- **RECORDS SUPPLIED**
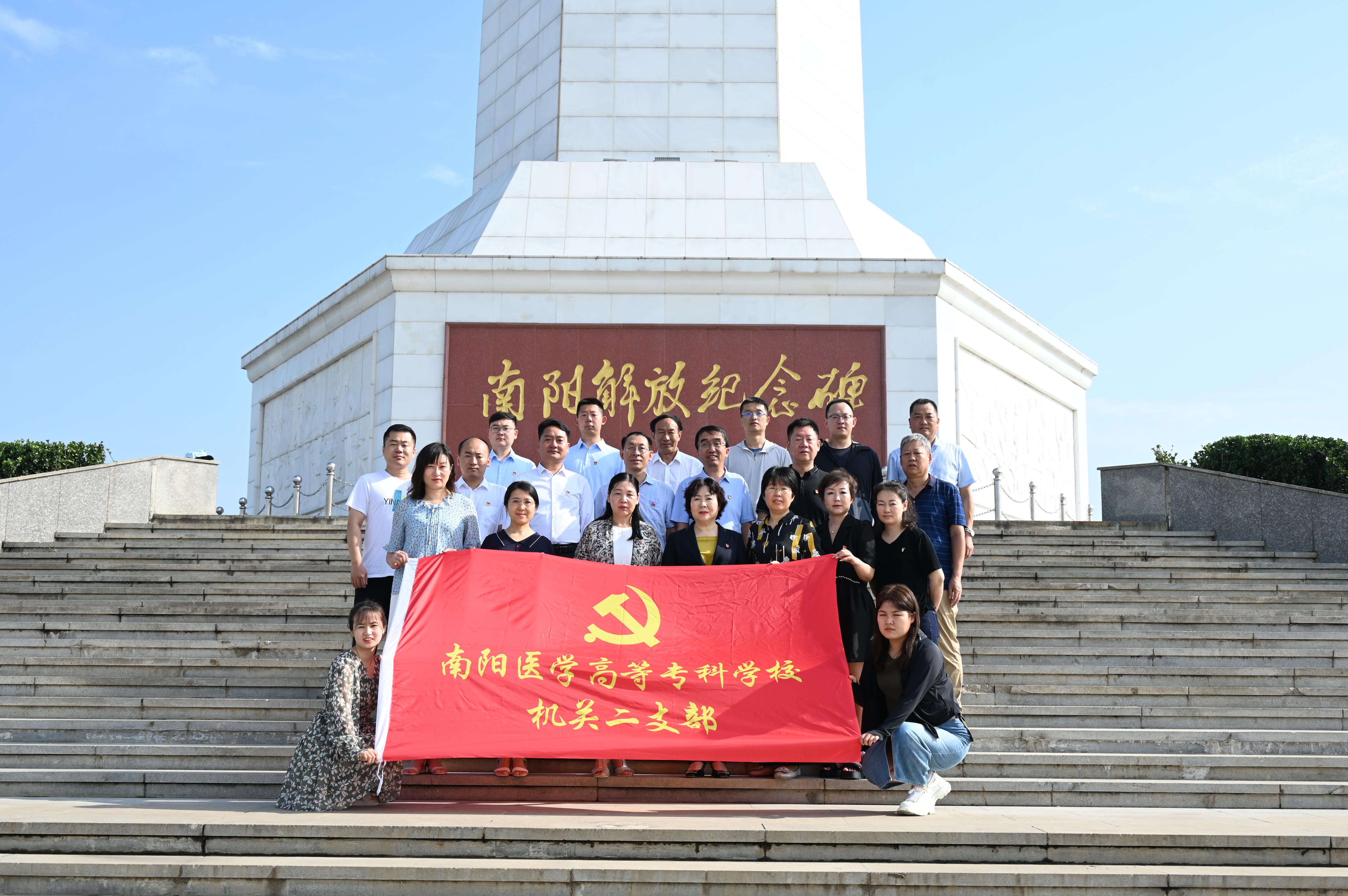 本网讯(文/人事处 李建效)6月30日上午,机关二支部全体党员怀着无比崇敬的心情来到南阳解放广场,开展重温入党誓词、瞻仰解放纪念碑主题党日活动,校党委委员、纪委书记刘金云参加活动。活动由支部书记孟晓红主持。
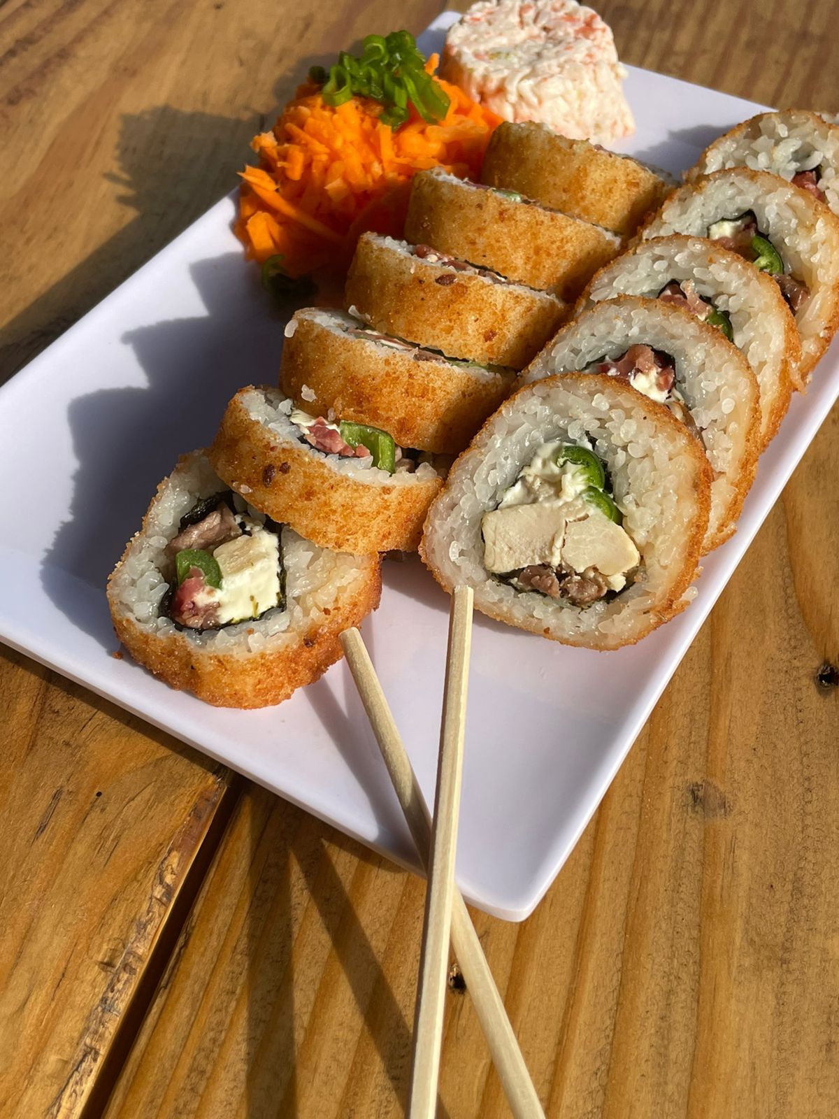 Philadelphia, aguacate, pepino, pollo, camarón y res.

==

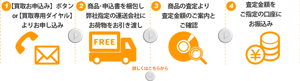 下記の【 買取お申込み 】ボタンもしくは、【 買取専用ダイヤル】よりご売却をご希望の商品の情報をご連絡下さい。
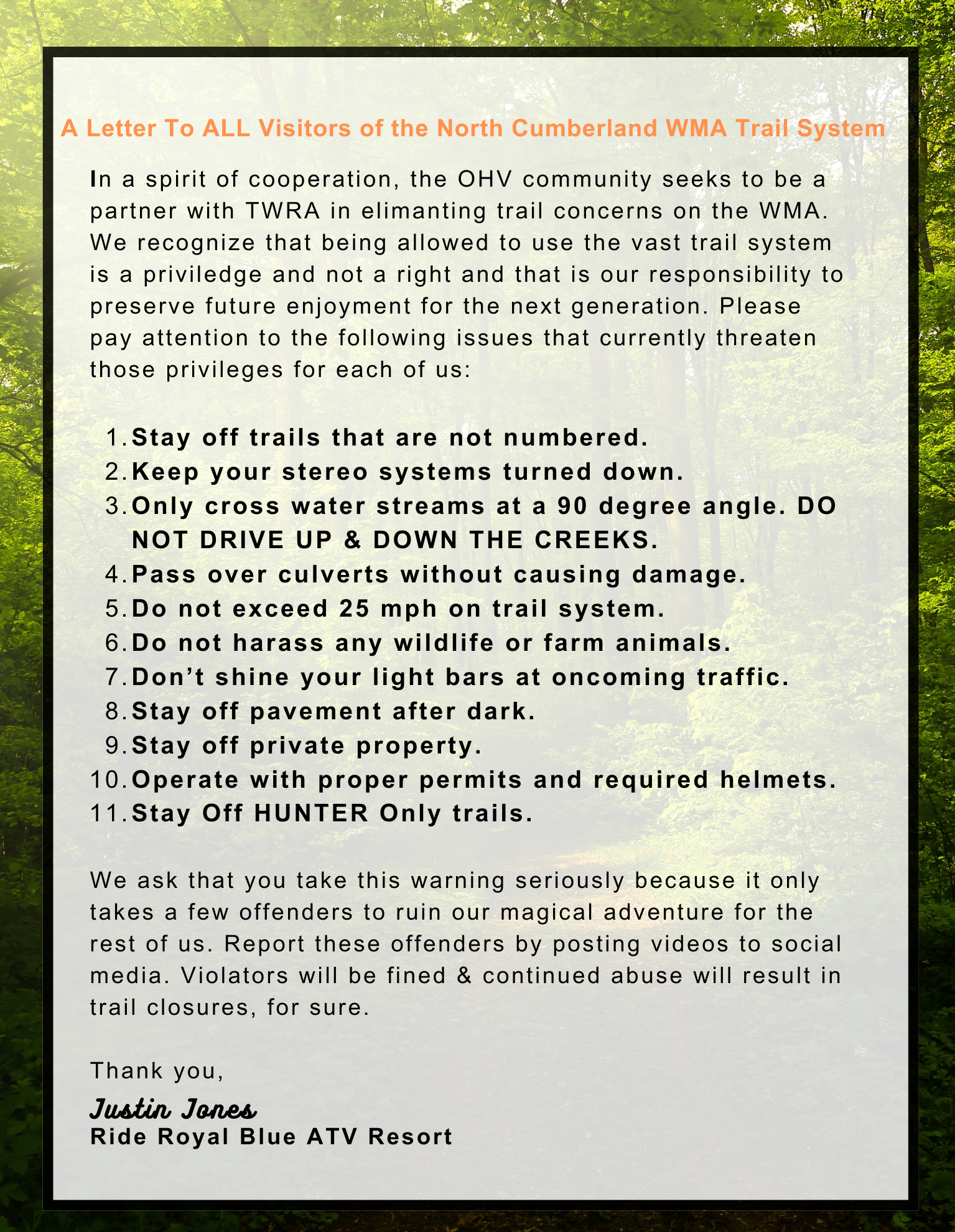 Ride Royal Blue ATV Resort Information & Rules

- **WHAT YOU WILL DO**
Here the job is to copy the listing above word for word, starting at the line with "本网讯(文/人事处 李建效)" and ending at the line with "Philadelphia, aguacate, pepino, pollo, camarón", and to leave out the pictures.

- **RESPONSE**
 本网讯(文/人事处 李建效)6月30日上午,机关二支部全体党员怀着无比崇敬的心情来到南阳解放广场,开展重温入党誓词、瞻仰解放纪念碑主题党日活动,校党委委员、纪委书记刘金云参加活动。活动由支部书记孟晓红主持。
 Philadelphia, aguacate, pepino, pollo, camarón y res.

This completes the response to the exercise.